The gist of this is that a large proportion of profits from property rental must be paid out. The result is dividends that are almost as large as reported earnings.
For the year ending March 2012, the British Land dividend rose to 26.1p. This was the first increase from the company since 2009.
British Land pays shareholders four dividends a year. The first two dividends of the new year were 6.6p per share each, up from 6.5p the previous year. Analysts expect the company will pay 26.5p of dividends over the course of the full year.

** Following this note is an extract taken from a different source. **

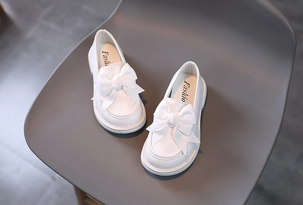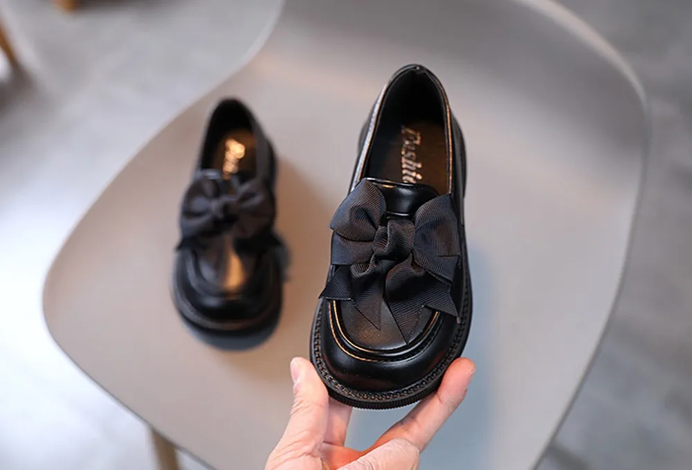 Girls Leather Shoes 2022 Spring Autumn New Style Girls Shallow Mouth Bow Princess Shoes

Since the disaster in the Gulf of Mexico, BP (LSE: BP) has been raising its dividend fast.
From 15 cents (BP reports in US dollars) in 2010, BP paid 29 cents in 2011. Analysts expect 38 cents of dividend for 2012, rising to 43 cents in 2013.
This would still leave BP paying less than it did before the Macondo spill. In 2009, BP paid its shareholders a massive 59 cents for the year 2009. This would equate to a huge 8.4% yield at today's share price.
The last few months have been eventful for BP. The company has announced three key agreements. First, BP has agreed a $4.5bn fine with the US authorities over the sequence of events that led to 11 deaths in the Macondo incident. BP also announced a clean divorce from former partners in its Russian TNK-BP joint venture. Thirdly, BP finalised terms for a new collaboration with Russian national oil company, Rosneft.
This all means that the investment case now contains materially less risk. If the Rosneft deal proves to be as beneficial as the TNK-BP venture was, earnings could recover to pre-Macondo levels. That would only be good for the dividend.
4) National Grid
National Grid (LSE: NG) runs electricity and gas distribution throughout the UK. The company also owns 50% of BritNed, a joint venture with Dutch firm TenneT. BritNed is a 1,000MW capacity power link between Britain and the Netherlands.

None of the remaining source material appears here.